▶ [Data extract]
::::::::

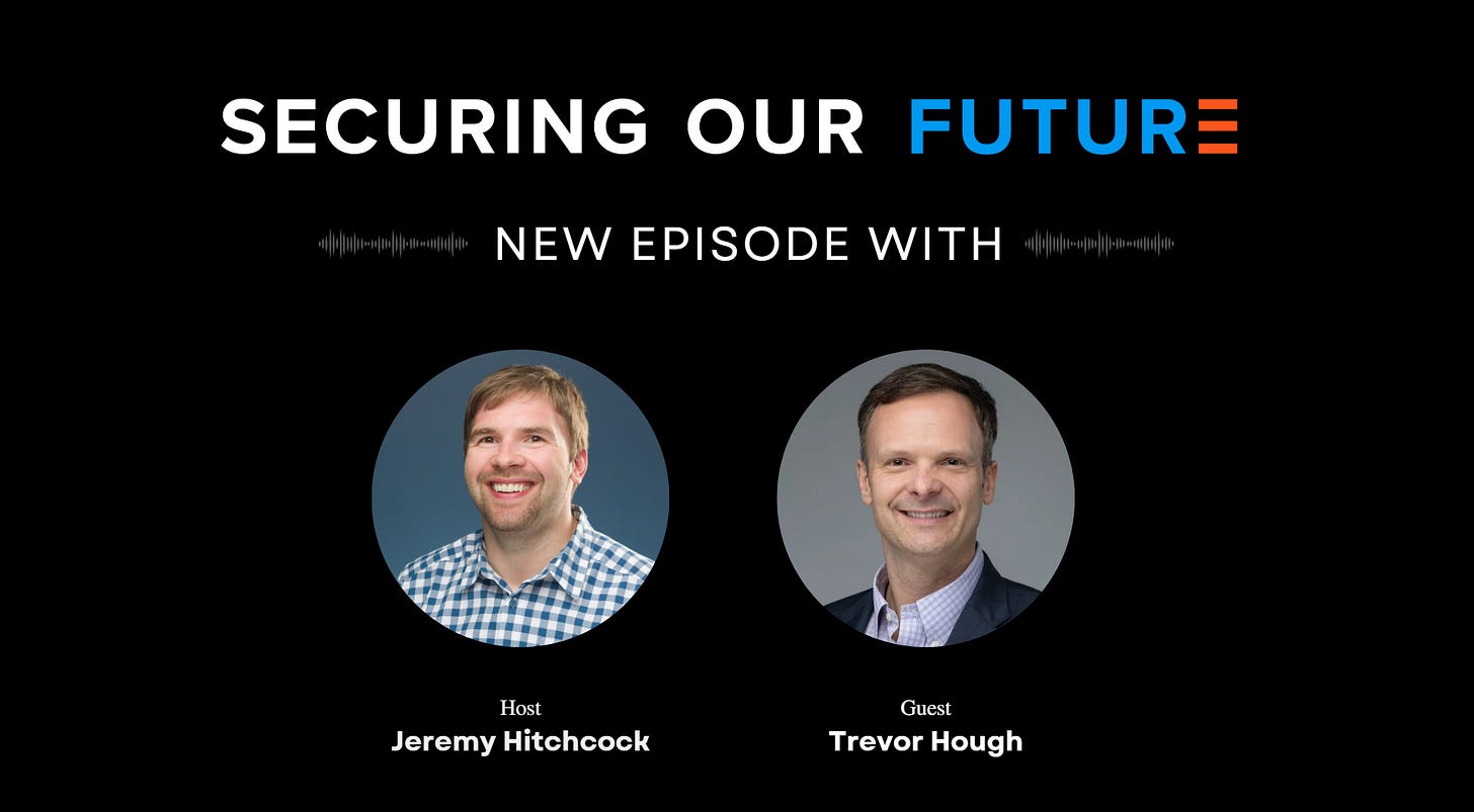 In our latest Securing Our Future podcast, host Jeremy Hitchcock sits down with Trevor Hough, the Owner of The ADK Group, an advisory firm focused on bridging the gap between industry, national security, and investors and helping companies scale up their business while solving vital national security challenges.
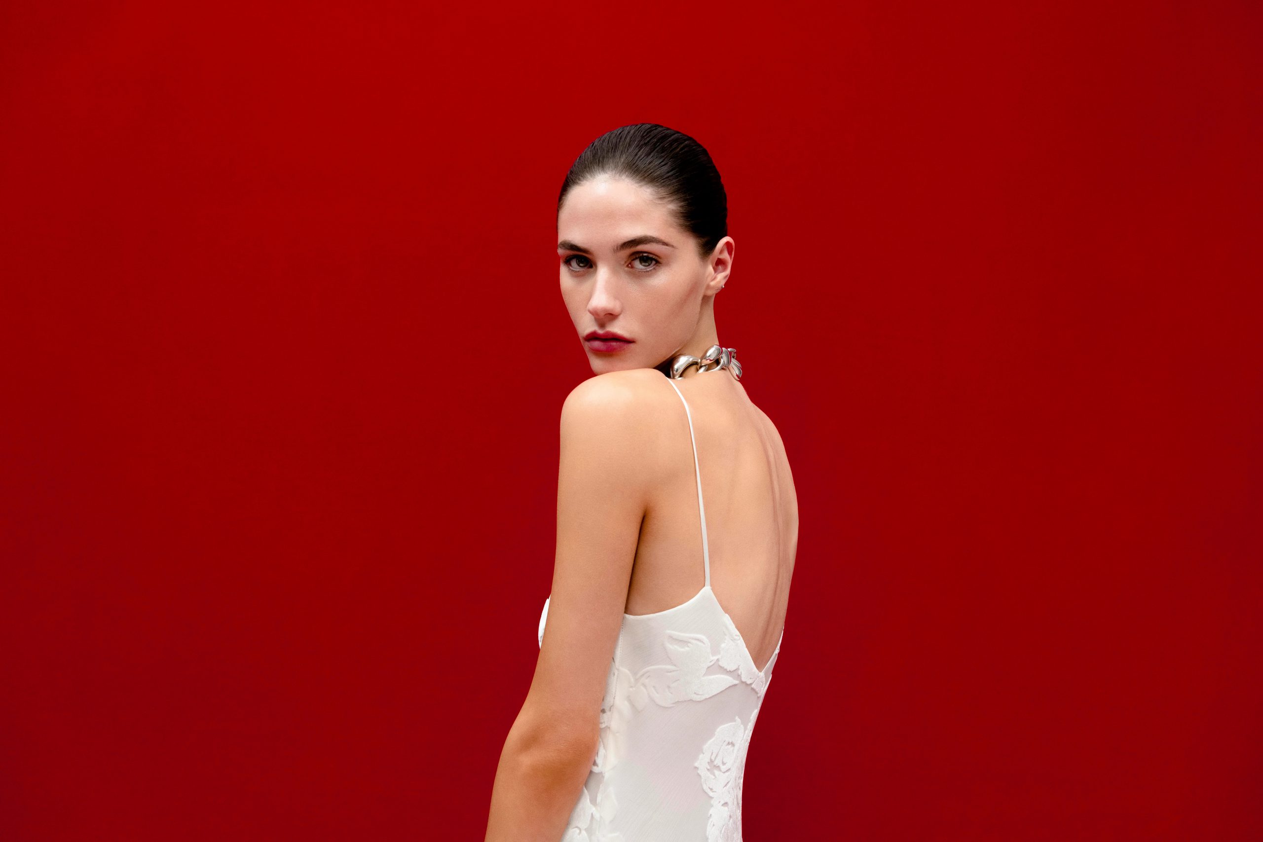 Hãy chọn cho mình một thỏi son đỏ thật rực rỡ, mạnh dạn thoa đầy bờ môi với đường viền sắc sảo, để mỗi một lần bạn cười là một lần bạn khiến mình tỏa sáng. Thế nhưng, thay vì kết hợp với lớp trang điểm đậm thì xu hướng làm đẹp gần đây lại linh hoạt chiết giảm phần mắt và má để tập trung chau chuốt một lớp nền căng mướt, mịn màng. Có như vậy, bạn sẽ dung hòa được hai mặt đối lập giữa sự quyền lực của đôi môi đỏ và sự trong trẻo ngây thơ vốn là vẻ đẹp luôn được yêu thích ở các cô dâu.
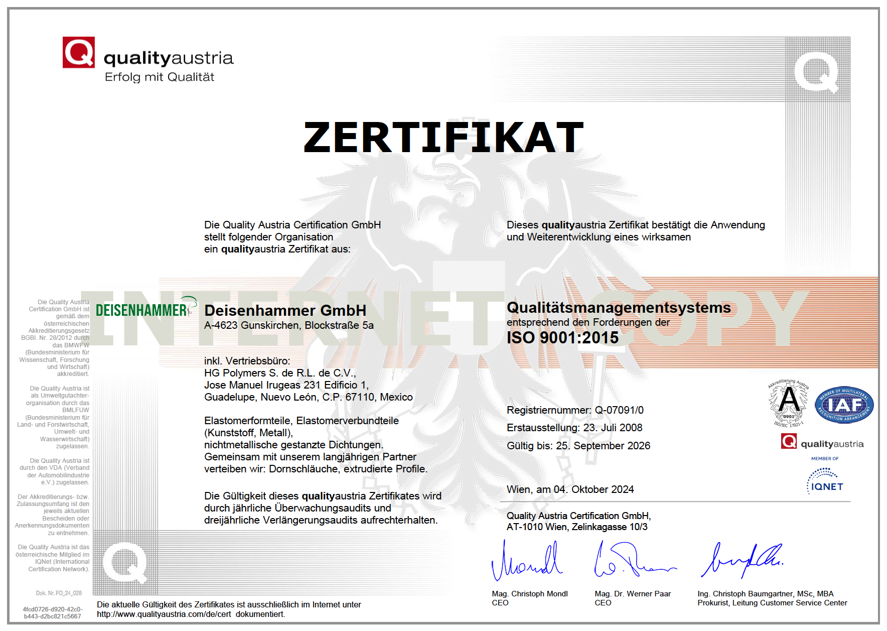 In unserem Bestreben nach Exzellenz und höchster Kundenzufriedenheit steht bei Deisenhammer das Qualitätsmanagement im Mittelpunkt unserer Unternehmensphilosophie.

::::::::

▶ [What the exercise asks]
Set the entire listing down again, exact in every line, without any pictures.

▶ [Response to the exercise]
 In our latest Securing Our Future podcast, host Jeremy Hitchcock sits down with Trevor Hough, the Owner of The ADK Group, an advisory firm focused on bridging the gap between industry, national security, and investors and helping companies scale up their business while solving vital national security challenges.
 Hãy chọn cho mình một thỏi son đỏ thật rực rỡ, mạnh dạn thoa đầy bờ môi với đường viền sắc sảo, để mỗi một lần bạn cười là một lần bạn khiến mình tỏa sáng. Thế nhưng, thay vì kết hợp với lớp trang điểm đậm thì xu hướng làm đẹp gần đây lại linh hoạt chiết giảm phần mắt và má để tập trung chau chuốt một lớp nền căng mướt, mịn màng. Có như vậy, bạn sẽ dung hòa được hai mặt đối lập giữa sự quyền lực của đôi môi đỏ và sự trong trẻo ngây thơ vốn là vẻ đẹp luôn được yêu thích ở các cô dâu.
 In unserem Bestreben nach Exzellenz und höchster Kundenzufriedenheit steht bei Deisenhammer das Qualitätsmanagement im Mittelpunkt unserer Unternehmensphilosophie.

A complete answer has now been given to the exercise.